** WHAT YOU HAVE TO DO **
Print the line that contains "видеоурок по Изо", then every line after it until the entries end, exactly as they read; do not include pictures.

** DATA PROVIDED **
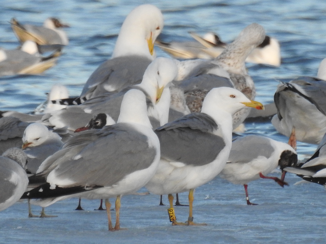 below: Larus cachinnans PTKU 9CY, March 18 2023, Chizhovka - Minsk, Belarus. Picture: Irina Samusenko. Returning bird at the Chizhovskoje Reservoir is in Minsk district, Belarus (53°50.30N 27°36.33E).
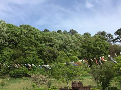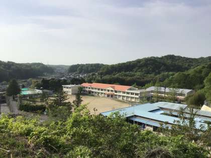 大畑地区の素晴らしさは、たくさんありますが、この時期ならではのものがあります。それは、大畑こども園の背後にたなびく鯉のぼりです。授業参観の後、教職員で鯉のぼりが掲げられているヤッホー山に登り、大畑小学校を眺めました。
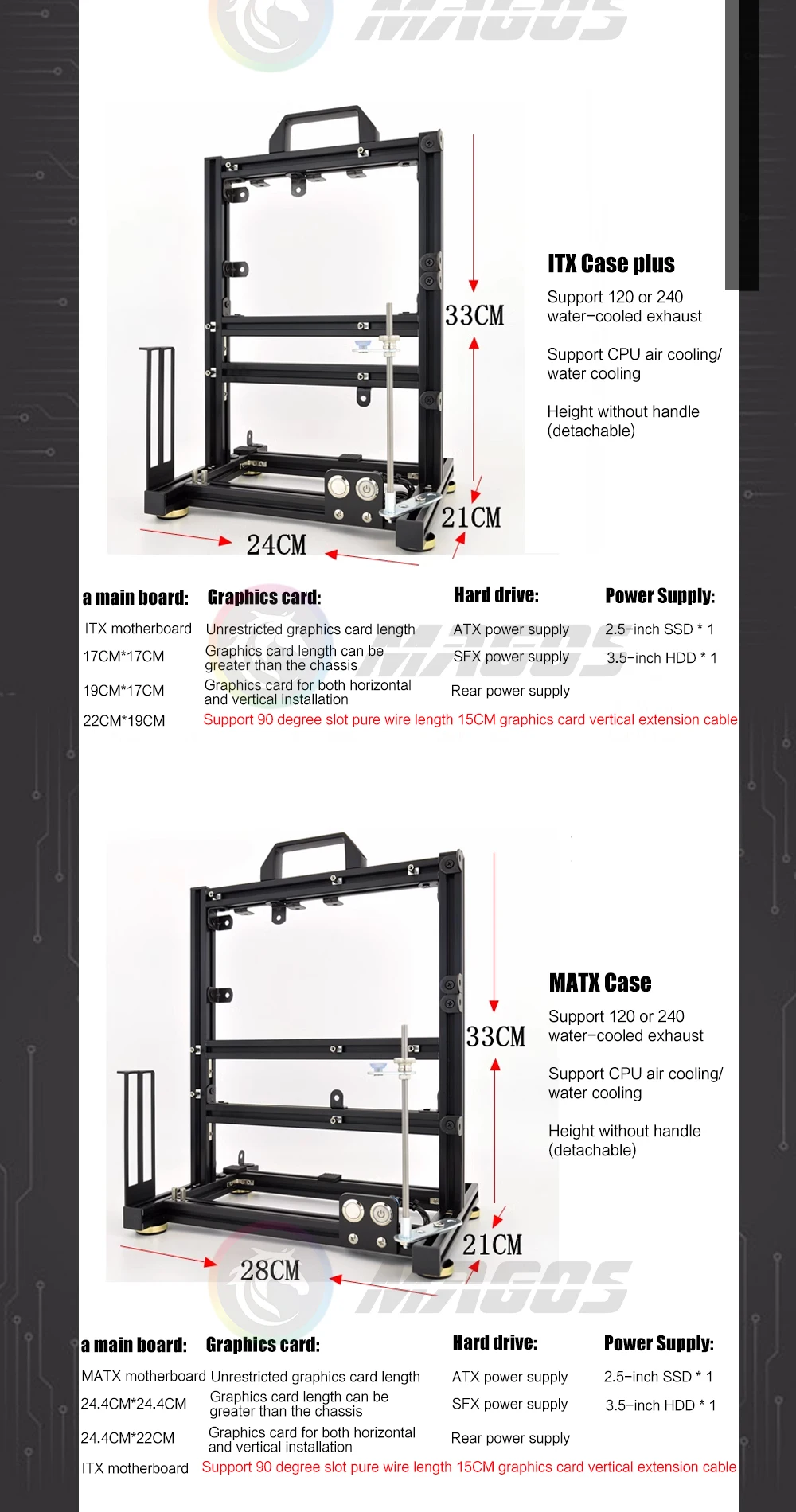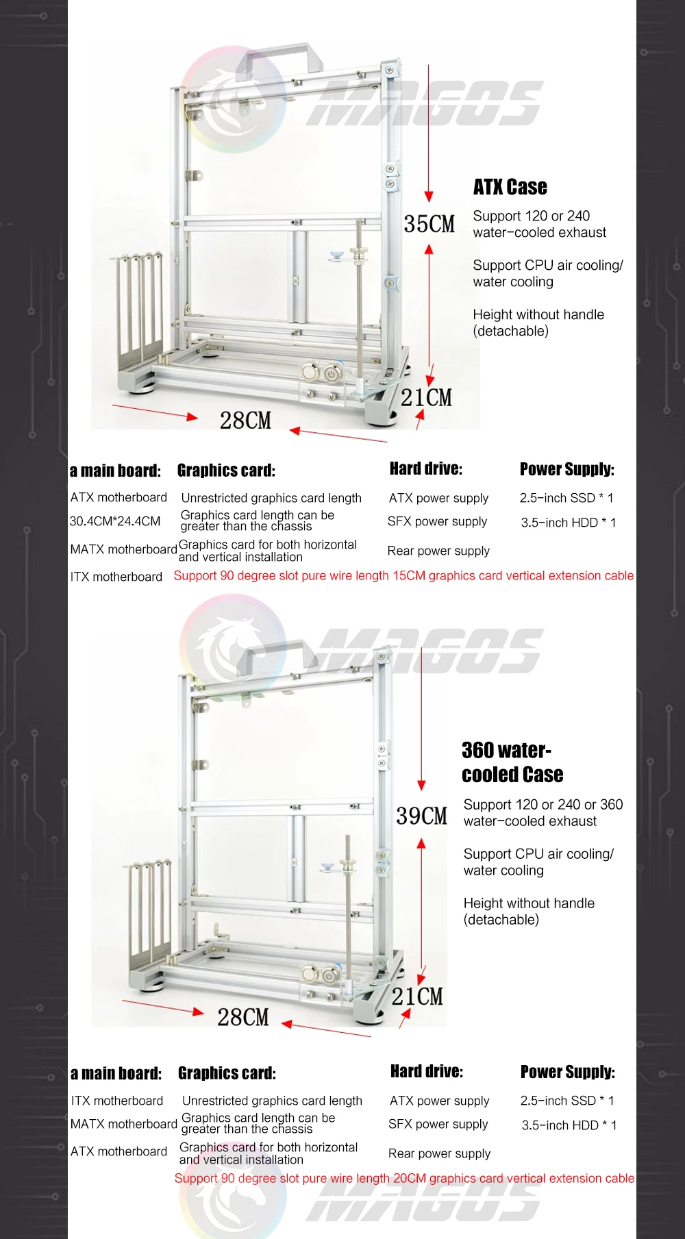 Comprar Chasis de ordenador abierto, marco de aluminio creativo DIY, Enfriador de aire y agua, 360 MOD ATX/ITX/MATX, carcasa de escritorio con marco
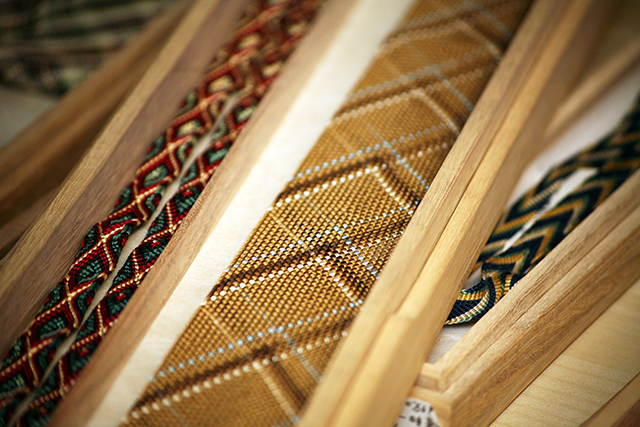 공방에는 지금까지 사용된 실이나 끈이 참고 자료로 보존되고 있습니다.
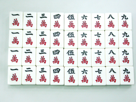1. There are three kinds of suit tiles, one kind showing a line, another a dot, and another a character. In Chinese we call them 索 (suo3), 筒 (tong3), and 萬 (wan4) respectively.
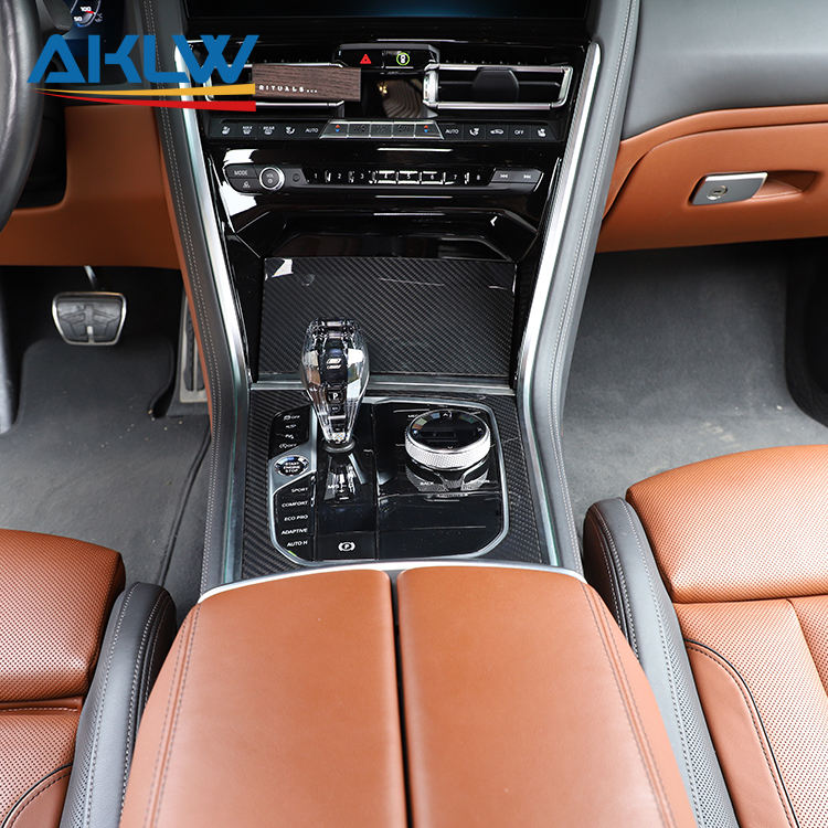 Accessoires intérieurs en fibre de carbone véritable pour BMW Série 8 M850i G14 G15 G16 2019-2022, garniture du panneau de commande central et du levier de vitesses
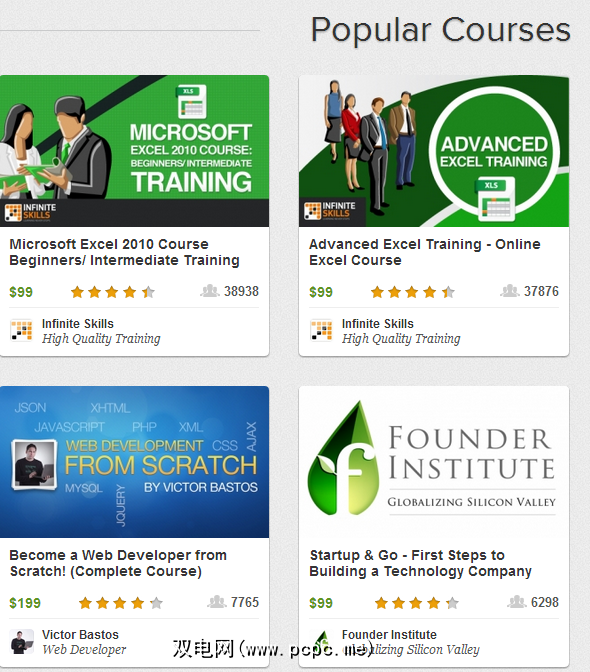 只需查看“热门课程"类别,即可了解人们为课程获得的价格。
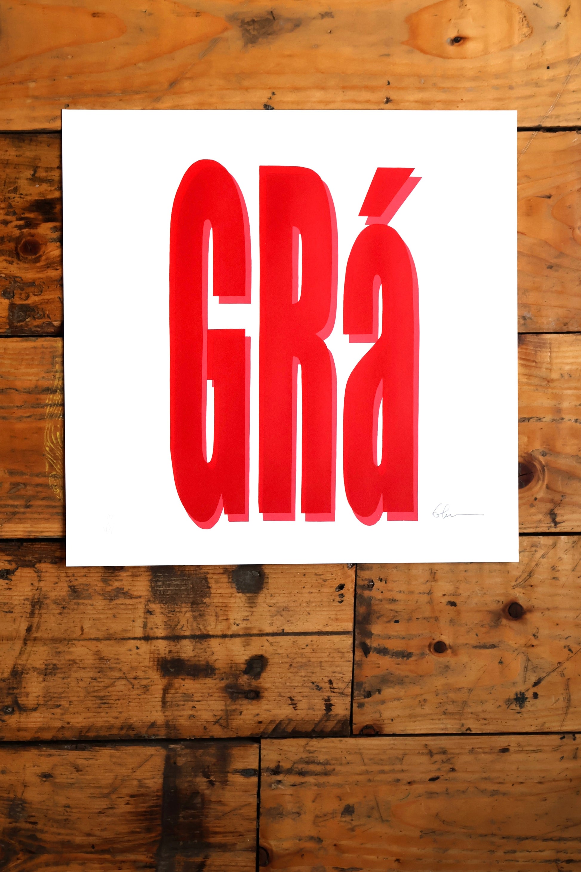Bold and bright in pink and red inks, this series is screen-printed by hand here in our studio. Grá + Mór (Big Love) are designed to be hung together, but can be bought separately.
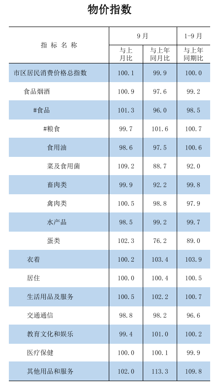 2025年1-9月物價指數
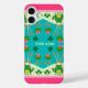 Funda iPhone 16 Plus Fun Frog Pattern Pink Green Custom Name
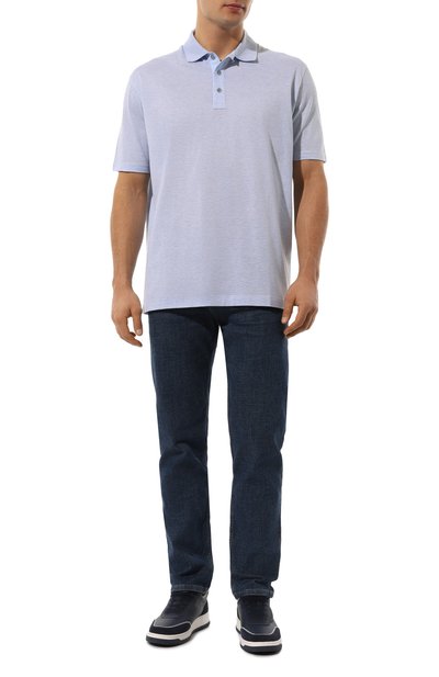 Поло с рифлеными манжетами и поясом изготовили из хлопкового трикотажа. Внутреннюю пуговичную планку изделия укрепили льняной текстильной накладкой с клетчатым мотивом, а низ дополнили фирменной нашивкой.
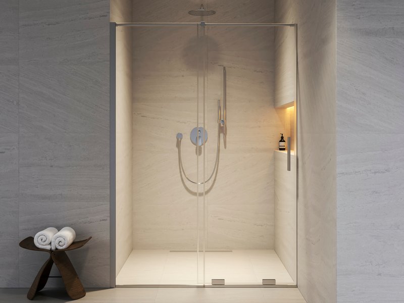 Витончений безрамковий дизайн візуально освітлює весь простір. Практична розсувна система економить місце та забезпечує комфортне використання навіть у невеликих ванних кімнатах. Плавний хід міцного 8-міліметрового скла та точно оброблені деталі забезпечують комфортне використання протягом тривалого часу.
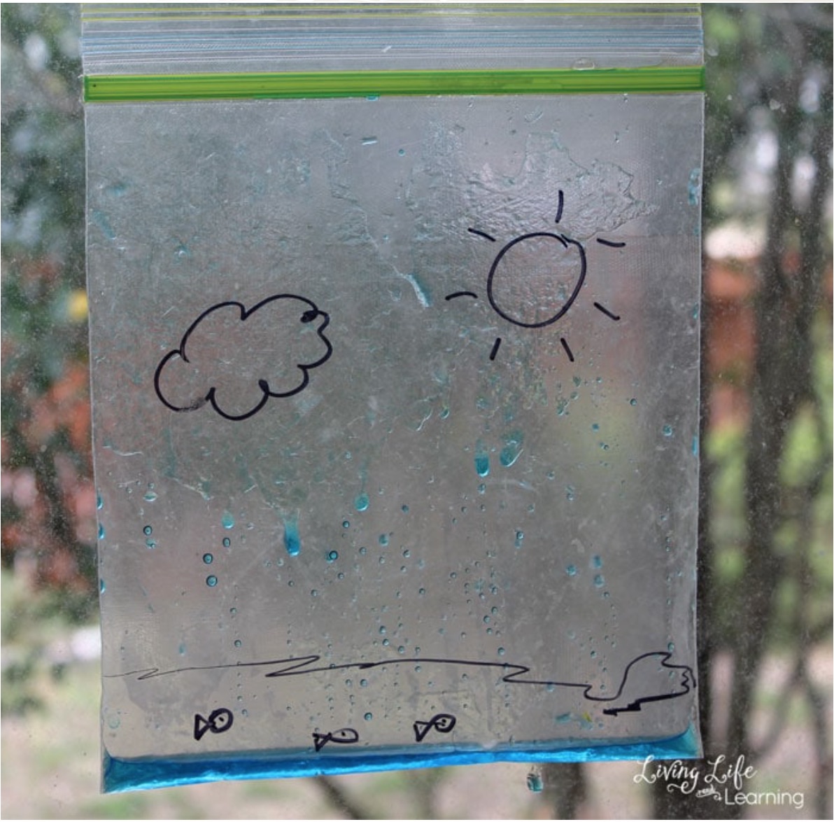 Per capire come funziona il ciclo dell’acqua sul nostro pianeta, bastano una busta per la conservazione dei cibi e dell’acqua.
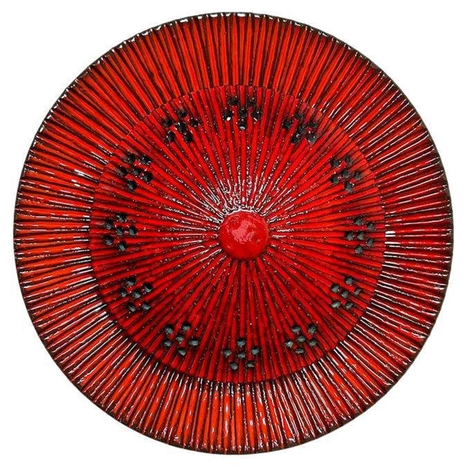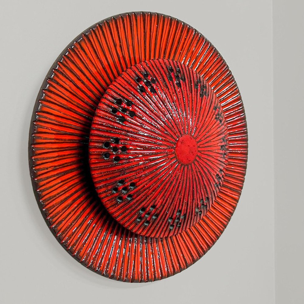 Spectacular red circular ceramic wall lights , with beautiful black accents. Manufactured in Denmark in the 1970s. A unique statement piece. Labelled and signed by Axella, in excellent condition. Axella was found in the 70s in Denmark by Aksel Larsen, who later changed his name to Axella Keramik. The company, which produced impeccable, classic 1970's style lamps, closed in 1987. The designer Jette Hellerøe worked for a short period in collaboration with Axella. Dimensions: Height: 3.54" (9 cm) Diameter: 15.75" (40 cm) This light requires one E27 light bulb.
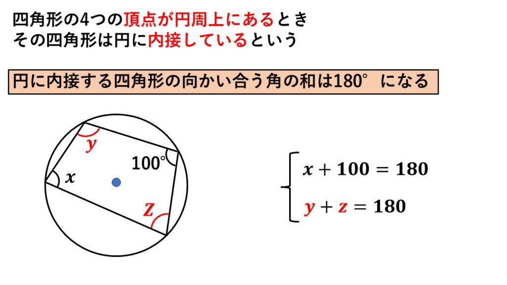 円に内接する四角形の向かい合う角を足すと、その結果は$180°$になります。
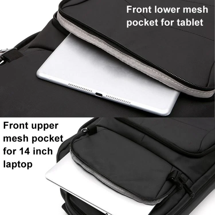 1. Front lower mesh pocket for tablet, front upper mesh pocket for 14 inch laptop, back zipper mesh for 15 inch laptop
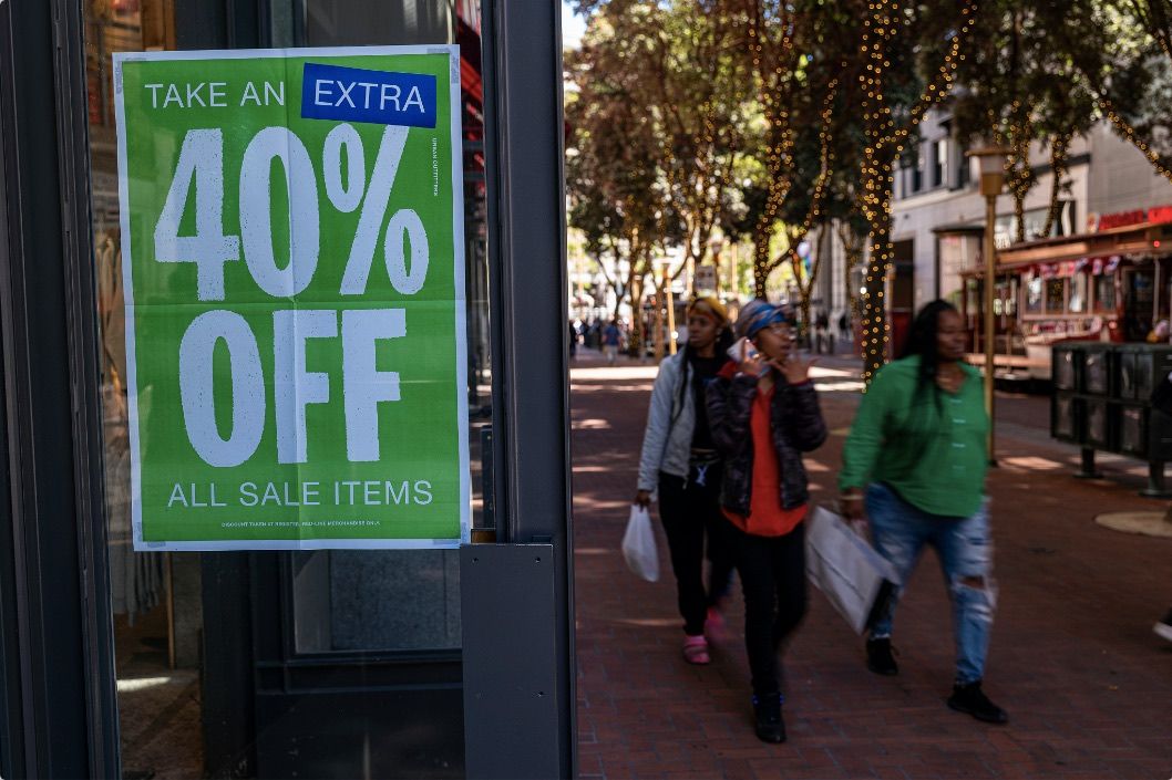 6月1日,美国旧金山,一家商店的橱窗上贴着促销标志。根据密歇根大学的报告,美国6月消费者信心指数跌至50.2,创下历史新低。
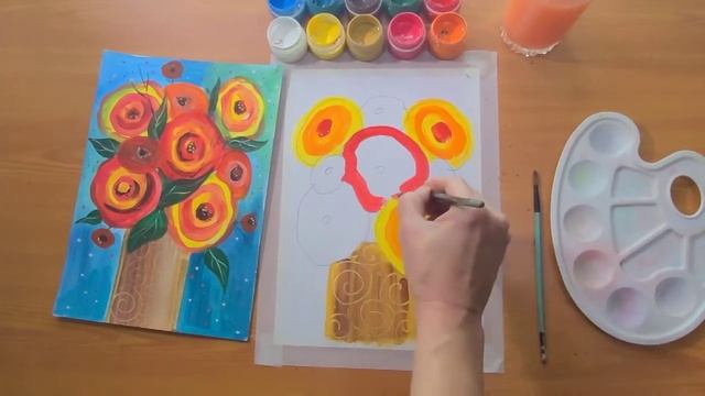 видеоурок по Изо для начинающих. натюрморт гуашью:" Яркий букет"
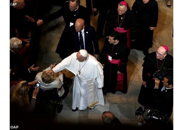 Popiežius Pranciškus sekmadienį, rugsėjo 27-ąją, paskutinę savo istorinio vizito Jungtinėse Valstijose dieną, susitiko su seksualinės prievartos aukomis, kurioms sakė, kad „Dievas verkia” dėl jų kančių, ir žadėjo, kad kaltieji bus patraukti atsakomybėn.
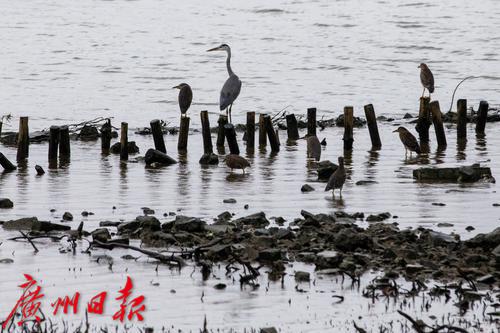 海珠湖,鸟类停在枯木上休息。

** TASK OUTPUT **
 видеоурок по Изо для начинающих. натюрморт гуашью:" Яркий букет"
 Popiežius Pranciškus sekmadienį, rugsėjo 27-ąją, paskutinę savo istorinio vizito Jungtinėse Valstijose dieną, susitiko su seksualinės prievartos aukomis, kurioms sakė, kad „Dievas verkia” dėl jų kančių, ir žadėjo, kad kaltieji bus patraukti atsakomybėn.
 海珠湖,鸟类停在枯木上休息。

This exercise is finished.